Primary LanguageJupyter Notebook

Predicting Molecular Properties Solution

This repository contains the solution for the Predicting Molecular Properties challenge on Kaggle.

Challenge Summary

The objective of the challenge was to predict the J-coupling between two atoms in a molecule. This J-coupling quantifies the magnetic interaction between the atoms.

There were eight types of J-couplings for the challenge:

  • 1JHC
  • 1JHN
  • 2JHH
  • 2JHC
  • 2JHN
  • 3JHH
  • 3JHC
  • 3JHN

The nomenclature followed for the coupling types indicates the coupling order and the atom types of the coupled pair.

The data provided for the challenge was the structure of the molecule in which the atoms are located. I parsed this molecular structured from XYZ files that contained the atom types and the positions in the molecule. An example of an XYZ file can be found here.

Approach

The approach I followed for the challenge was to focus on feature engineering.

OpenBabel

The features I extracted using OpenBabel were the angles for the 2J couplings and the torsions for the 3J couplings. I also included the hybridization of the atoms coupled to the hydrogen atom.

As an extra feature engineering step, I included $\cos(\phi)$ and $\cos^{2}(\phi)$ following the Karplus equation.

Additional Features

There were additional features calculated by other members of Lacuna. These additional features include information about distances between atoms in the molecule and information about neighbor atoms of the coupled pair.

Results

The model and the features for the challenge achieved a score of -0.848 on Kaggle.

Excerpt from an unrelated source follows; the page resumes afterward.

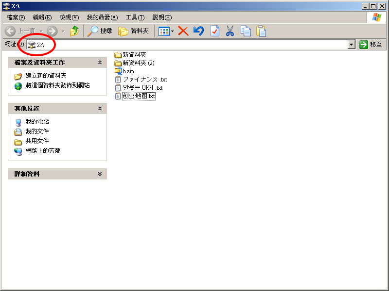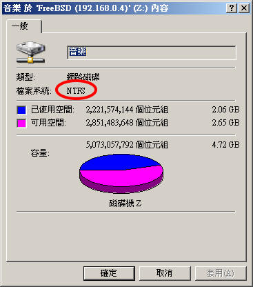 我们可以使用 Windows 的联机网络磁盘驱动器功能,将一个共享数据夹变成系统中的网络硬盘。例如,将共享数据夹变成 Z: 磁盘驱动器。如果您点选该网络磁盘驱动器,并查看内容,您会看到它的档案系统格式为 NTFS,如下图所示:

This score was one of the top-100 scores in the initial week of the competition.

How to Run

First, make sure that you have conda installed and install the project.

conda create -n MagneticInteractionsChallenge
pip install -e 'git+https://github.com/cmpatino/MagneticInteractionsChallenge.git#egg=magnetic_interactions'

The file data_utils.py has all the functions necessary to merge all the features and generate the datasets to fit the 8 models.

The file ob_utils.py has all the functions used to generate features using the open_babel library.

The process of creating the dataset is and fitting the models is condensed in the Final Model.ipynb Jupyter Notebook.